#### What the exercise asks:
Everything below from the line with "Available In Brown/combo." through the line with "6 VINTAGE 1997" should be copied exactly, and nothing else; leave out the pictures.

#### Material provided:
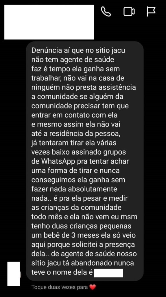 DEPOIS DO SÍTIO BREJO VELHO, AGORA É A VEZ DA COMUNIDADE DO SITIO JACU TAMBÉM RECLAMAR DA FALTA DA AGENTE DE SAÚDE.
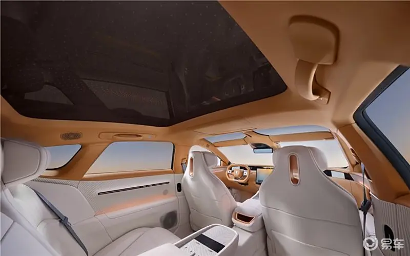 针对内饰的部分,阿维塔012限量联名版也做了大量的专属设计,包括座椅头枕上的专属辉耀联名Logo,全颗粒Nappa植鞣真皮座椅,Kim Jones典藏风格内饰,灵感星辉天幕等等,都给整体内饰氛围增添更多豪华气质。不仅如此,它还配备了后舱悬浮天幕屏,更是从配置上突显出档次感。
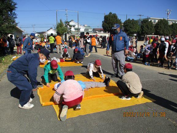 【毛布を使って担架を作り、実際に搬送を行っています】
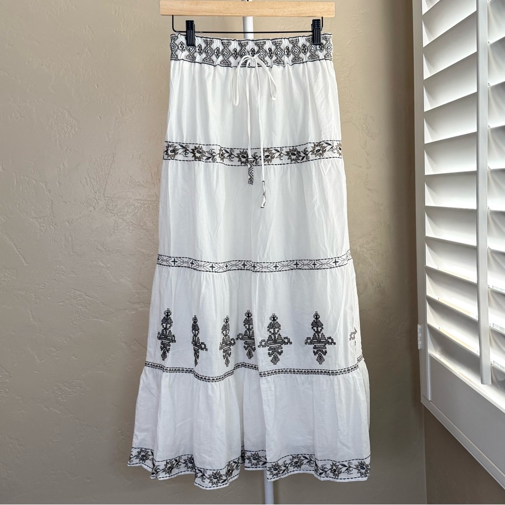 Lightweight white skirt with black and gold embroidery detailing and a relaxed boho silhouette.
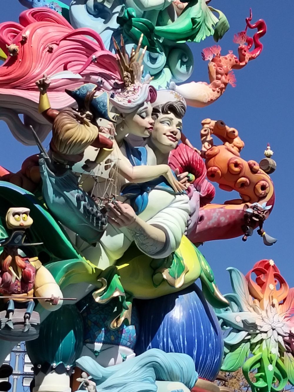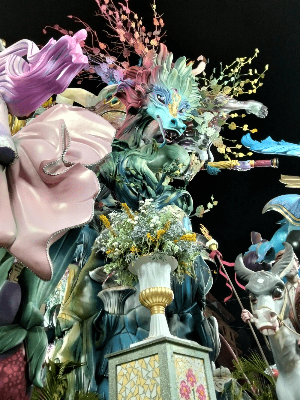 Así mismo, cuando alcanzamos la máxima categoría, Convento ha sido incontestablemente la número 1 de las mejores fallas de VLC pero eso no significa que nos guste como modela en ocasiones el taller de Llongo, su artisTa. El detallismo, barroquismo y pintura de Pacolo han demostrado que son artisTas consistentes como para llegar a cotas aparentemente inalcanzables. La falla conventual ha sido gigante, poderosa pero no ha existido una iconografía o rostro para enmarcar. El lenguaje asociativo en las fallas y los remates arbolados tienen estas cosas. Profusión innumerable de personajes que te gustarán unos más y otros menos pero no se te queda en el recuerdo un personaje “icono”. Tal vez en Convento, tendríamos que nombrar pero en su parte dorsal el centauro tanto por anatomía como por su rostro realmente exquisito. Pero este año quizá también se recuerde por los comentarios transversales y claros de Paco Torres contra la actual Junta central fallera – no va a volver a la Sección Especial –. Nadie que nosotros recordemos en los últimos diez años, ha hablado tan claro contra los jurados de la Sección Especial, en este caso elegidos por Nico Garcés, vicepresidente de la JCF. La alusión a su gestión ha sido concluyente. Los premios está amañados. Ah ¿qué no ha dicho eso…? Sí y yéndose muy dolido de la que es su casa como fallero de la Plaza del Pilar y más aún como profesional. El cuarto premio puede parecer injusto pero es cierto que la competencia que tenía en Antiga y Na Jordana tampoco era baladí. Aún así, siendo un buen año general en la Sección Especial, si tenemos que destacar a una falla que ha marcado una hisToria importante en las fallas, ha sido la falla municipal de Chaplin “Hope”. No solamente la subrayamos por su alTura sino por su excelente confección y ese gesto tan charlotiano que desprende al mirar la mariposa que se halla en su mano izquierda. Chaplin no solo se convirtió en una falla icono por sus 31 metros finales sino porque por primera vez junto al Moisés de Manolo García (2014) o el David de Martínez Mollá (1991) la falla se come a la plaza y no al revés. La presencia de la figura de Chaplin era presente y aposentada en la demarcación con gran personalidad.
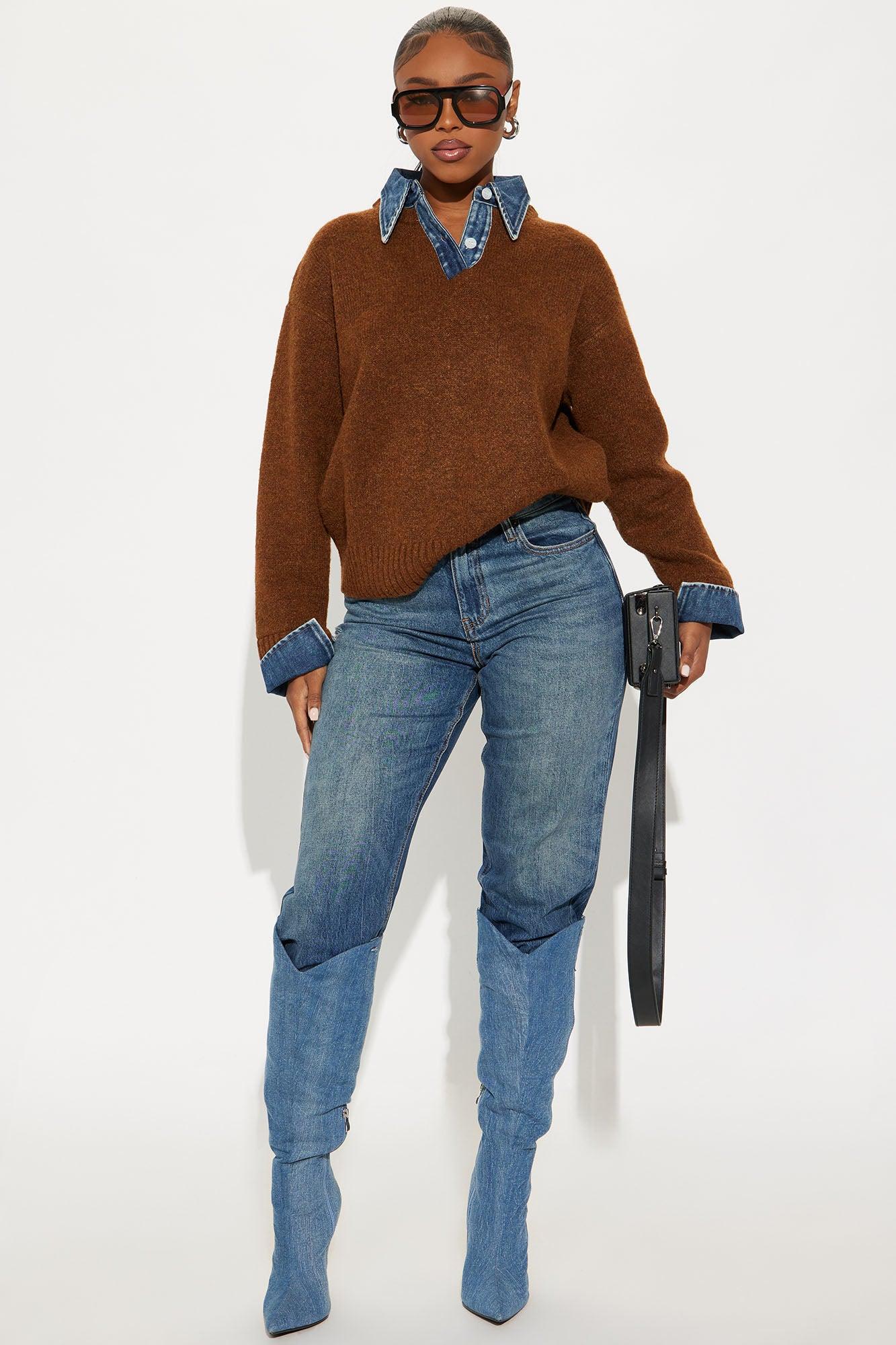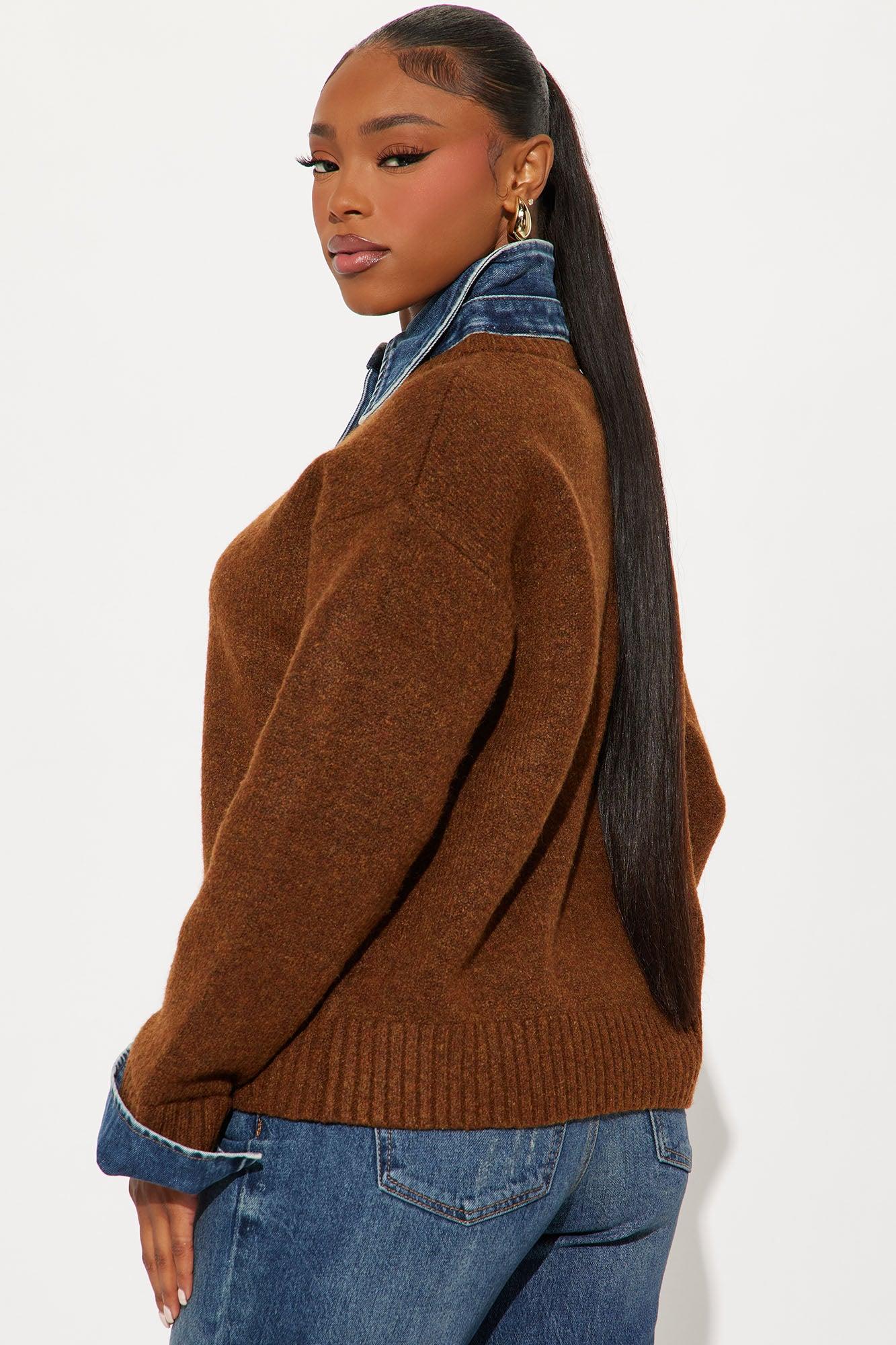 Available In Brown/combo. Pullover Sweater Quarter Buttons Denim Contrast Self: 74% Polyester 22% Acrylic 4% Elastane Contrast: 48% Cotton 27% Polyester 18% Viscose 4% Nylon 3% Acrylic Imported California Proposition 65WARNING: Cancer and Reproductive Harm - www.P65Warnings.ca.gov.
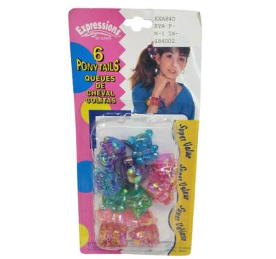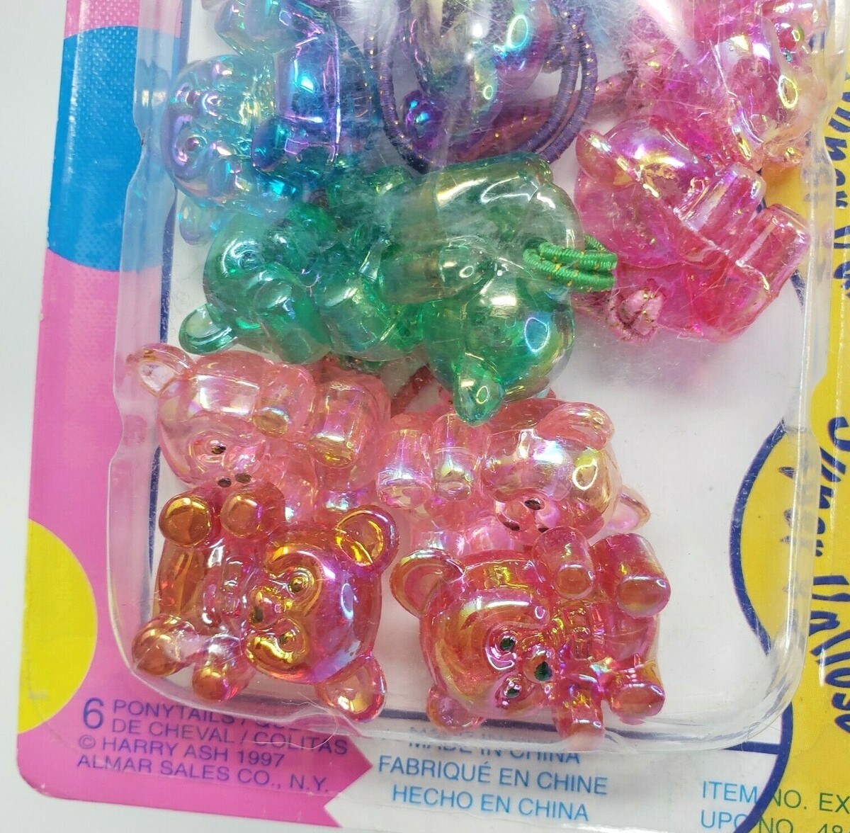 6 VINTAGE 1997 EXPRESSIONS COLORFUL PLASTIC PONYTAILS PONYTAIL HAIR TEDDY BEARS
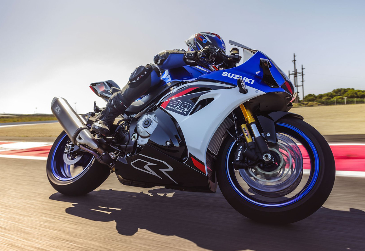 Esta edição especial evocativa dos 40 anos da GSX-R, destaca-se pela sua estrutura compacta, leve e agressiva, que envolve o condutor numa posição de condução desportiva e focada no desempenho. Viu ainda melhorada a aerodinâmica de forma a entregar maior estabilidade a alta velocidade, incluindo a adição de aletas em carbono prensado a seco e um design que não engana, e que transborda o ADN GSX-R!

#### Your solution:
 Available In Brown/combo. Pullover Sweater Quarter Buttons Denim Contrast Self: 74% Polyester 22% Acrylic 4% Elastane Contrast: 48% Cotton 27% Polyester 18% Viscose 4% Nylon 3% Acrylic Imported California Proposition 65WARNING: Cancer and Reproductive Harm - www.P65Warnings.ca.gov.
 6 VINTAGE 1997 EXPRESSIONS COLORFUL PLASTIC PONYTAILS PONYTAIL HAIR TEDDY BEARS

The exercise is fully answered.